**DATA SHOWN:**
^^^^^^^^^^^^^^^^
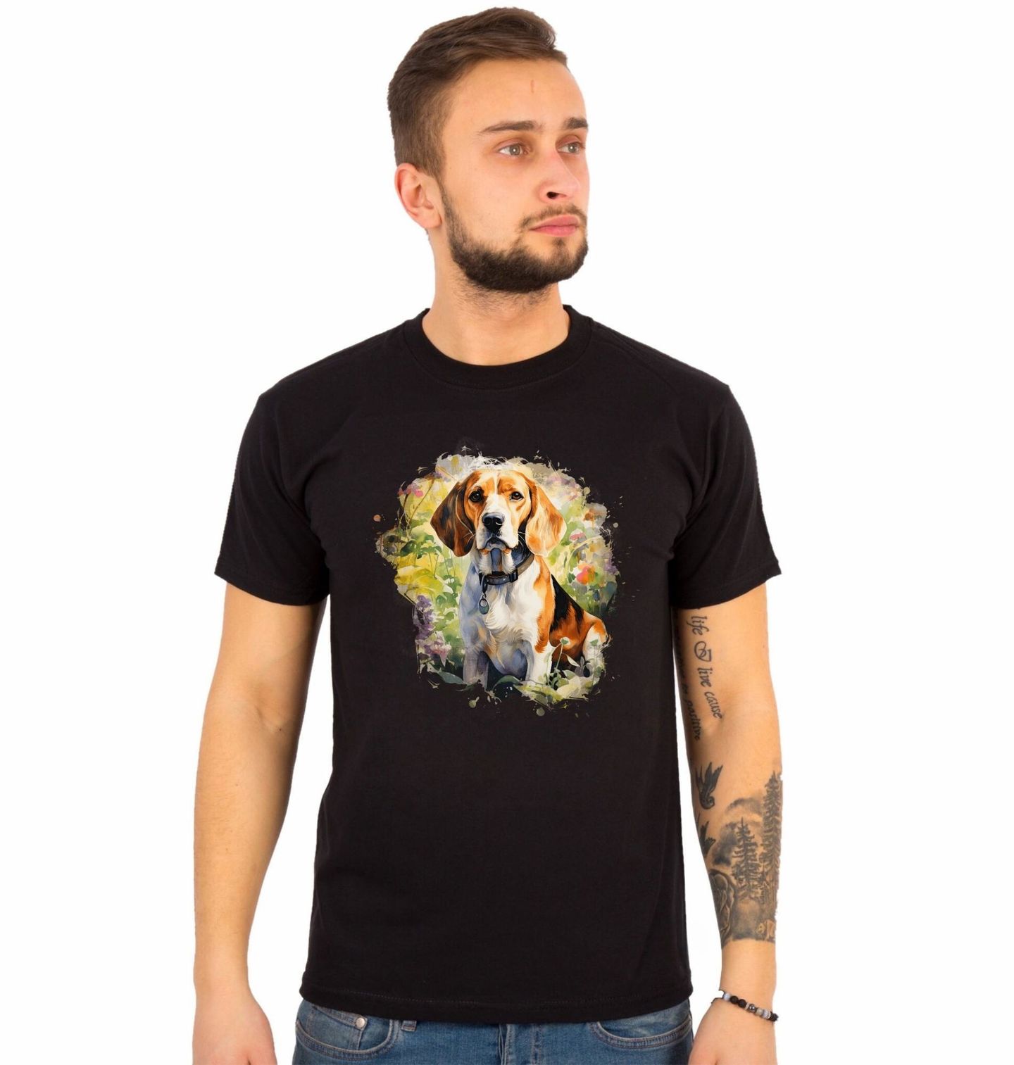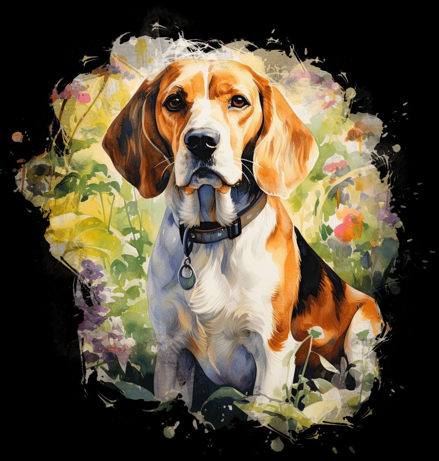 Pánské tričko Dobrodružství s Bíglem. Tento pes bígl sedí mezi květinami a působí přirozeně a jemně. Ilustrace vyzařuje pohodu, přirozenost a jemný vztah ke krajině, který si zamiluje každý pejskař. Dílo osloví milovníky psů, kteří mají blízko k přírodě a ocení decentní, harmonický motiv s osobitým charakterem.
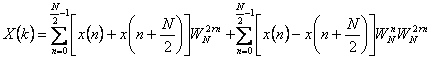 6) Algoritmo di FFT basato sulla decimazione in frequenza : In sostanza la sequenza X(k) viene scomposta in sottosequenze via via più piccole in particolare al primo passo si costituiscono due sequenze ciascuna da N/2 punti , una relativa ai pari e la altra relativa ai dispari
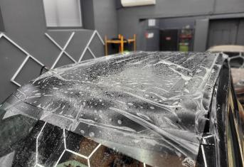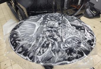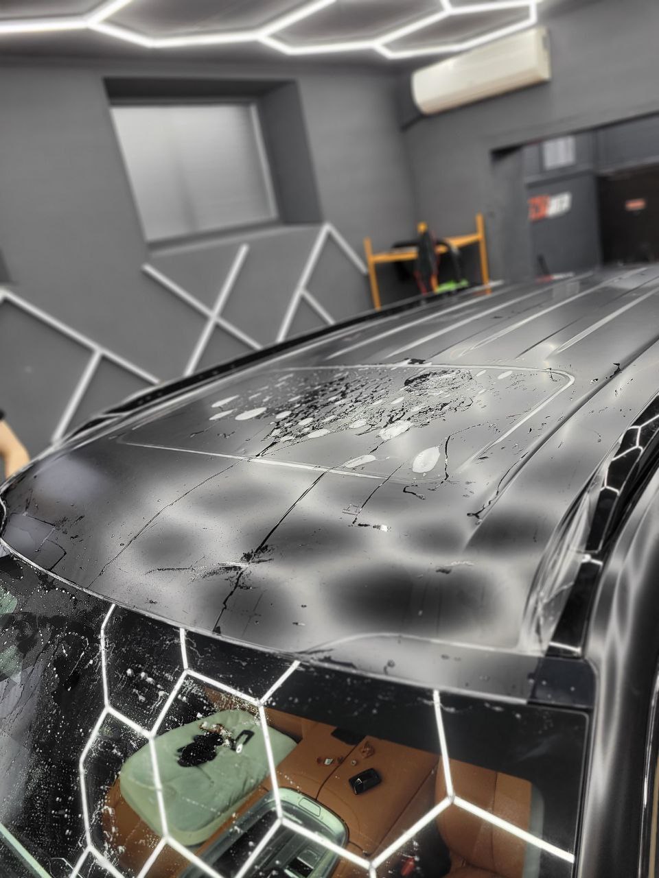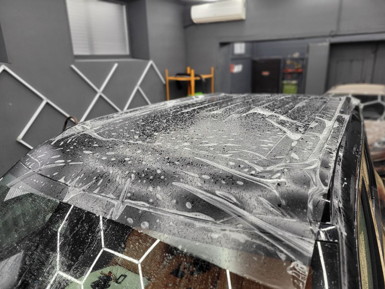 В работе применяем полиуретановую пленку NAR, толщиной 190 микрон. Эта пленка обладает функцией самовосстановления небольших царапин при высокой температуре. Клиент выбрал вариант полной оклейки своего автомобиля в сатин.
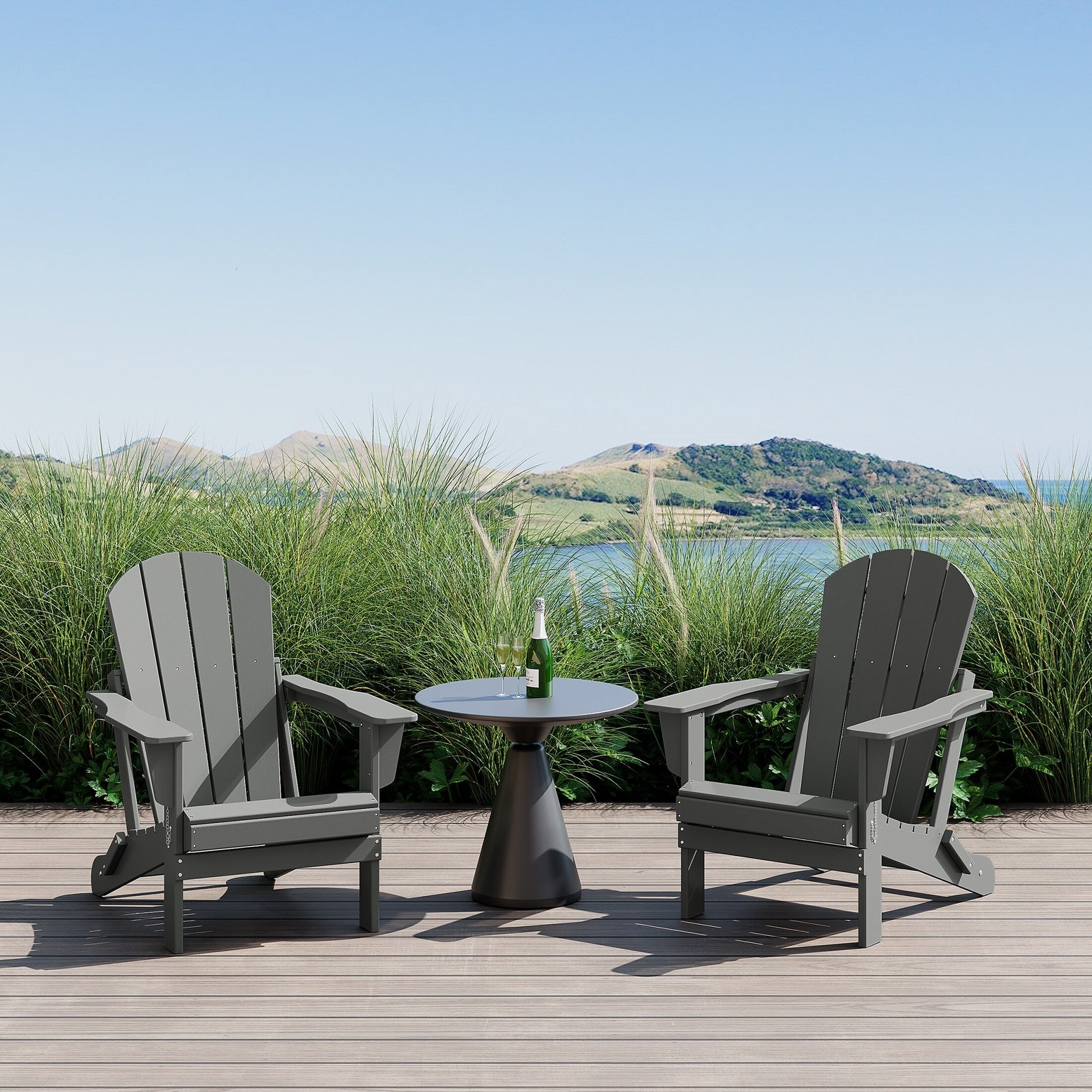 - L'ensemble comprend : deux (2) chaises Adirondack en poly
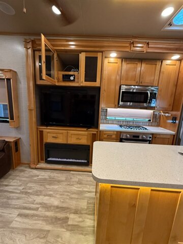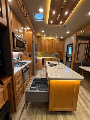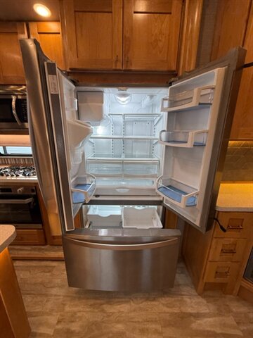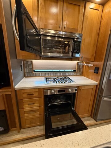 • Kitchen: Equipped with a residential 18 cu. ft. French door refrigerator, a stainless-steel convection microwave and oven, and a 1,000-watt pure sine wave inverter.
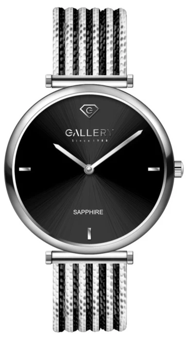השעון עשוי ממתכת בגימור מבריק, עם רצועת חוליות צפופה בסגנון מלבני. לוח השעון זהוב כולו, עם ארבעה סימוני שעות מינימליסטיים (בשעה 3, 6, 9 ו-12) המסומנים באבני חן קטנות. השעון כולל מחוגי שעות ודקות דקים, ולמעלה מופיע הלוגו של המותג "GALLERY" עם הכיתוב "Sapphire" מתחתיו, מה שמעיד על זכוכית ספיר עמידה בפני שריטות.
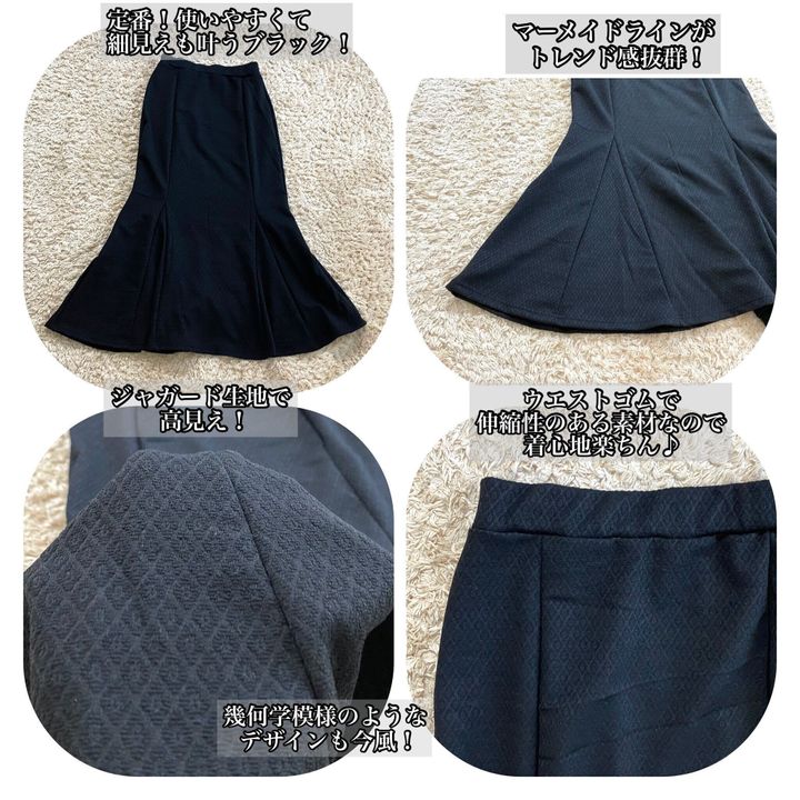 マーメイドラインでトレンド感のあるシルエットです。ジャガード生地は幾何学模様が浮き出たように見えるデザインでとても高見えします!ブラックだとそれほど柄の主張が強くないので他のカラーアイテムや柄物とも相性が良さそうです。
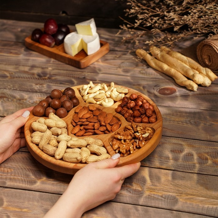 - Менажницу нужно обязательно мыть вручную в тёплой воде. Замачивание изделия в раковине повредит его: от воды древесина может испортиться.
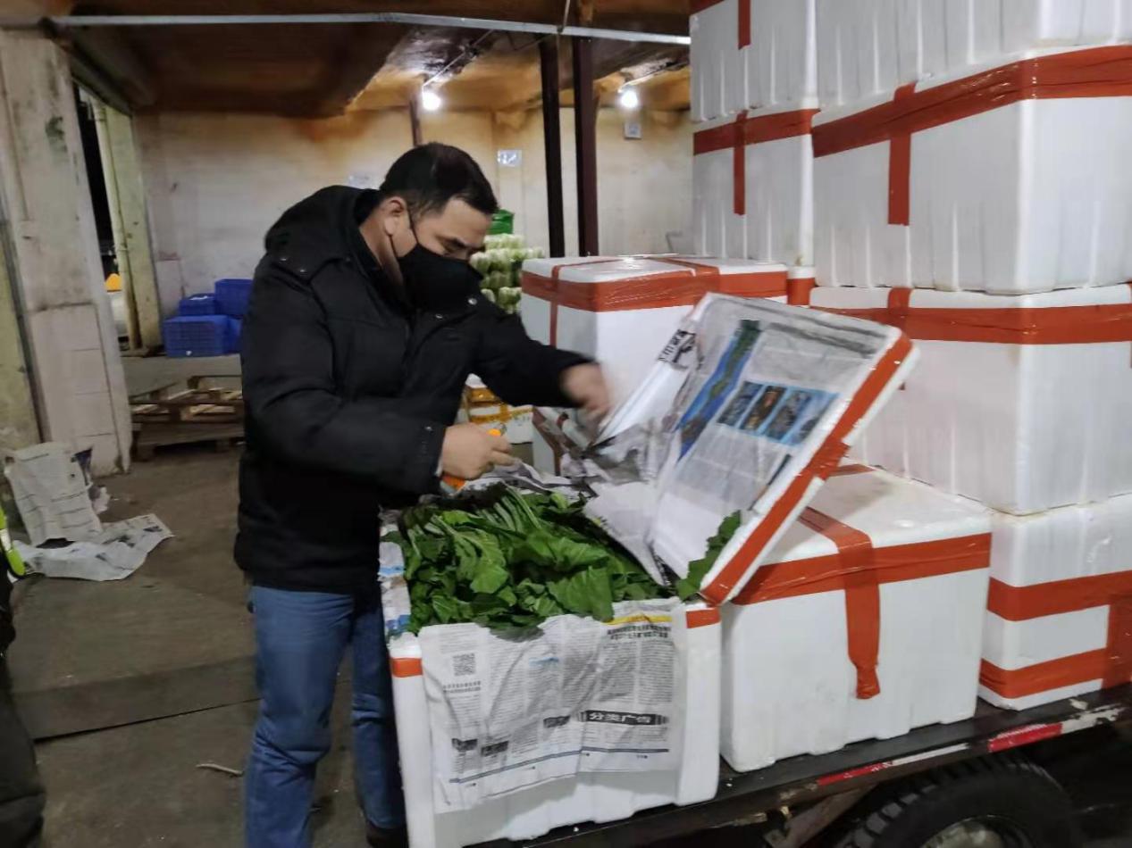 原本以為事情告一段落,年初三一早,家樂福廣東地區(qū)門店反饋市民搶購蔬菜的熱潮愈發(fā)高漲,使得平時要賣4至5天的貨物2個小時就銷售完畢。為保障市場正常供應(yīng),王凌光再次踏上了補貨之路。農(nóng)歷新年,又值疫情當中,大部分人都處在休假的狀態(tài),市場人員緊缺,事事都要親力親為。搶貨、驗貨、抽檢、分貨、上車、送貨到店……到了飯點吃盒泡面繼續(xù)奮斗。從年初二到初四的72個小時里,家樂福廣東地區(qū)的采購團隊基本是這么度過的。所有人都知道,這是超出采購本職工作以外的任務(wù),但所有人都沒有抱怨一個字,這是心中的力量在支持,這是使命使然。
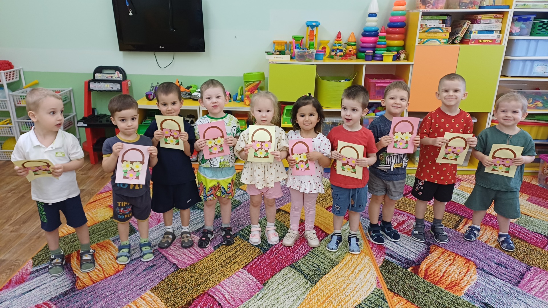 Дети изготовили открытки в виде аппликации «Букет для мамы».
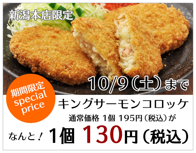 加島屋の人気惣菜「キングサーモンコロッケ」を期間限定の大奉仕価格にて販売いたします。
^^^^^^^^^^^^^^^^
**REQUIRED ACTION:**
An exact copy is needed of only the lines from the top of the material through the line with "マーメイドラインでトレンド感"; no pictures belong in it.

**TASK RESPONSE:**
 Pánské tričko Dobrodružství s Bíglem. Tento pes bígl sedí mezi květinami a působí přirozeně a jemně. Ilustrace vyzařuje pohodu, přirozenost a jemný vztah ke krajině, který si zamiluje každý pejskař. Dílo osloví milovníky psů, kteří mají blízko k přírodě a ocení decentní, harmonický motiv s osobitým charakterem.
 6) Algoritmo di FFT basato sulla decimazione in frequenza : In sostanza la sequenza X(k) viene scomposta in sottosequenze via via più piccole in particolare al primo passo si costituiscono due sequenze ciascuna da N/2 punti , una relativa ai pari e la altra relativa ai dispari
 В работе применяем полиуретановую пленку NAR, толщиной 190 микрон. Эта пленка обладает функцией самовосстановления небольших царапин при высокой температуре. Клиент выбрал вариант полной оклейки своего автомобиля в сатин.
 - L'ensemble comprend : deux (2) chaises Adirondack en poly
 • Kitchen: Equipped with a residential 18 cu. ft. French door refrigerator, a stainless-steel convection microwave and oven, and a 1,000-watt pure sine wave inverter.
השעון עשוי ממתכת בגימור מבריק, עם רצועת חוליות צפופה בסגנון מלבני. לוח השעון זהוב כולו, עם ארבעה סימוני שעות מינימליסטיים (בשעה 3, 6, 9 ו-12) המסומנים באבני חן קטנות. השעון כולל מחוגי שעות ודקות דקים, ולמעלה מופיע הלוגו של המותג "GALLERY" עם הכיתוב "Sapphire" מתחתיו, מה שמעיד על זכוכית ספיר עמידה בפני שריטות.
 マーメイドラインでトレンド感のあるシルエットです。ジャガード生地は幾何学模様が浮き出たように見えるデザインでとても高見えします!ブラックだとそれほど柄の主張が強くないので他のカラーアイテムや柄物とも相性が良さそうです。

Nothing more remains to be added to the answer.